# Running Traffic



## Ridge Nelson (Jan 19, 2006)

What are your thoughts on running traffic in the spring for snow geese? How many decoys, what kind, etc. With how pressured they seem I dont know if they'd even look at a traffic spread or maybe they would, what do you think?


----------



## GooseBuster3 (Mar 1, 2002)

95% of the guys that are hunting in the spring are hunting traffic birds.


----------



## Ridge Nelson (Jan 19, 2006)

i was thinking more the other way around, what type of decoy spreads do people use for traffic?


----------



## goosehunter21 (May 18, 2004)

Im with GB3 almost everyone in the spring is running traffic.


----------



## MnDiver (Oct 1, 2002)

redlegg93 said:


> i was thinking more the other way around, what type of decoy spreads do people use for traffic?

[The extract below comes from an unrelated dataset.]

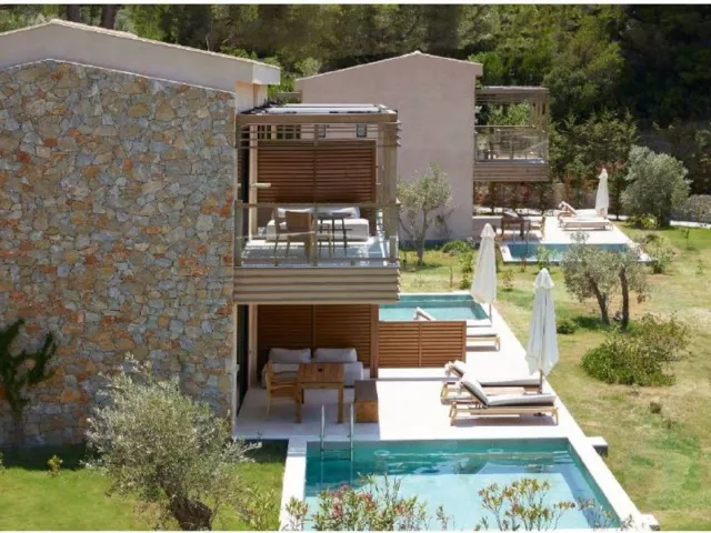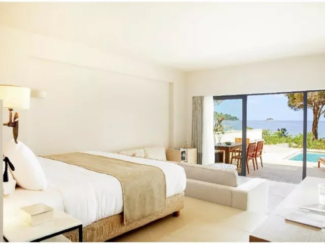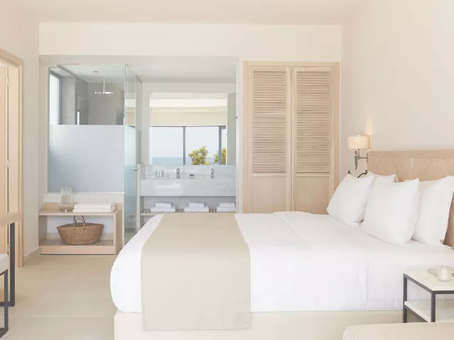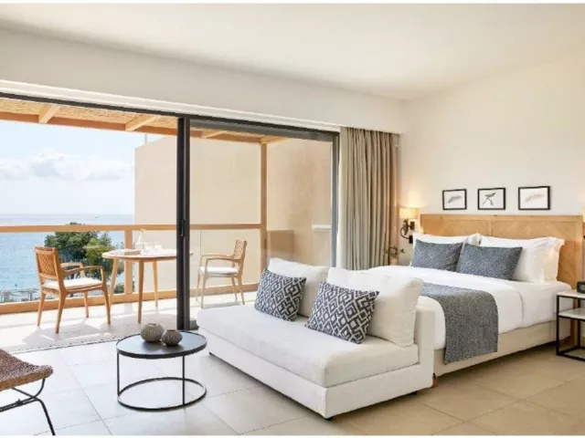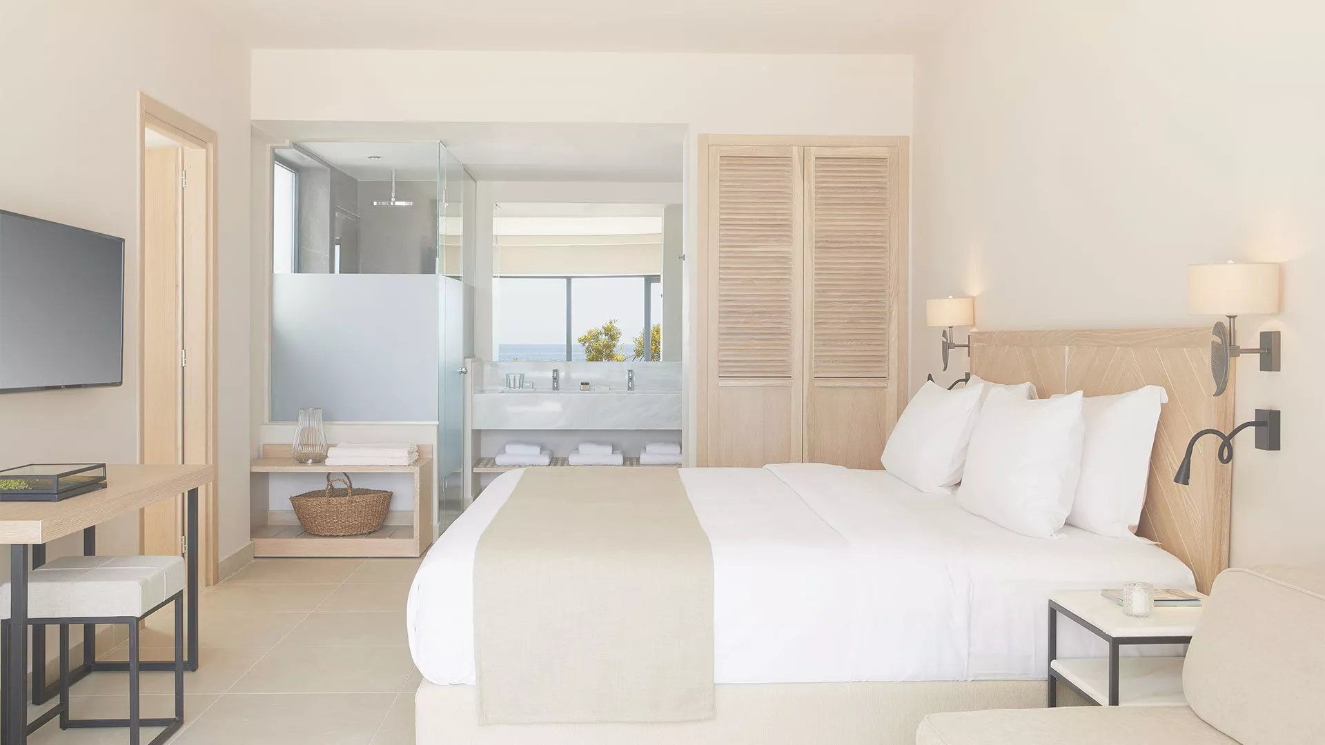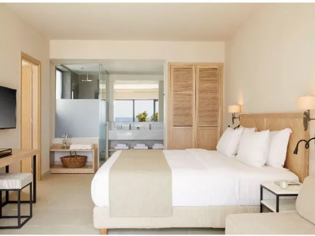 Izby sú klimatizované a vybavené zariadením na prípravu kávy a čaju, trezorom, Wi-Fi a TV. Izby rôznych typov poskytujú rozmanité možnosti, ako Double Xenia, Junior Suite Hot Tub s terasou a vírivkou, Beachfront Suite s bazénom a ďalšie.

Big spreads of windsocks (1000+).

Although this year some boyz are trying Fullbodies!


----------



## Goose Guy350 (Nov 29, 2004)

We had a corn field last year with a 200 acre lake about a quarter mile to our east and then about a 120 acre lake about a mile west that the geese were roosting on every night, we hunted that field four days in a row and shot birds every day because of new birds filtering in and wanting to use the water and we would comvince them to come grab a bite to eat with 400 windsocks and couple dozen full bodies. I really don't think you need to be in the hot field in the spring, you just need to be in a place they will fly over and have a few quality decoys with good movement, and the big thing, some weather to help you out.


----------



## goosegrinder (Mar 4, 2005)

Get under their flight path. :wink: Very few spring hunters actually hunt the X. We hunted the same field all season last year and shot birds every time. We were running about 300-400 decoys....Sillosocks,NWs,fullbodies,and shells. This year it'll be about 500 Sillosocks and 120 Deadlys.

Alex


----------



## nodakoutdoors.com (Feb 27, 2002)

It depends on what's going on with the migration at the time and the current/future weather. If the weather is a bit sour that will slow or stop a migration is the only time I'll try to get in fields where the birds were. If the weather is nice and the birds are getting the itch to move you'll want to be in their flight path to the north...field shouldn't matter as long as it's where they would consider.


----------



## Watchm! (Jul 9, 2005)

Not trying to hijack the thread, just adding on. 
What about fields in the staging areas like Squaw Creek and Sand Lake? Are there hot fields around there or do you pick a good looking corn field in the area and hope to get some lookers?


----------



## Ridge Nelson (Jan 19, 2006)

Yes there are lots of hot feilds and the scouting seems to be easy. I havent had much luck with snow goose hunting around there but do well with other waterfowl in the fall. Others do good in the spring for snows so long as they have a good looking cornfield and a lot of decoys. JMO


----------